Notre groupe prend possession d’une mitrailleuse à l’extrême droite du cimetière de Huesca. Il nous semble que notre nouvelle organisation veut très bien aller, car nous avons plus régulièrement à manger, Mais il est ’toutefois impossible d’avoir de nouvelles munitions.
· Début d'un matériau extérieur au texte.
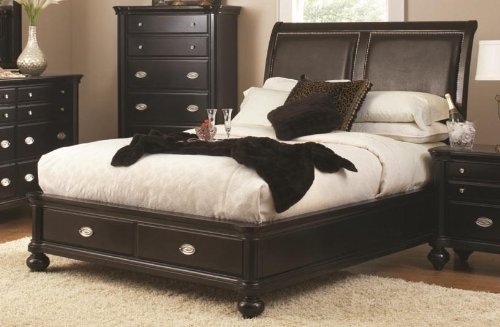 Woodville Platform Bed California King?A champion of craftsmanship, design, style and function, this beautiful bed will make the perfect centerpiece to your bedroom. A stylish slight curved headboard features padded black leather like vinyl with nickel finish nailheads and the footboard features two storage drawers for extra bedroom storage. The nickel finished hardware on the storage drawers along with the bun feet give this already stylish bed and added touch of traditional style.Style TransitionalFabric VinylHeight 58.25Finish Dark WoodColor BlackBed Size California KingWidth 81Length 100

Chevalier a tenu sa promesse et il nous a rejoints il y a peu de jours, apportant sa bonne humeur. Il y a à peine huit jours que nous sommes là qu’Ernest Prades, un petit Marseillais de 15 ans, est réclamé par l’ambassade de son pays. Sa mère, qui est venue jusqu’au Castillo San Juan, le réclame avec force. Il refuse tout d’abord l’invitation de partir, ainsi qu’un certificat du gouvernement, qui le remercie pour son dévouement et son courage. Puis se rendant compte de l’angoisse dans laquelle sa mère est plongée, il se décide, nous embrasse tous et part avec de grosses larmes de regret sur les joues. Consternés nous le regardons s’éloigner sur la grande route, mais nous nous consolons en pensant qu’il va vers la vie, et nous parlons longuement sur sa bonne tenue à nos côtés, dans les moments les plus tragiques passés pendant ces cinq mois et demi de front. (A suivre.)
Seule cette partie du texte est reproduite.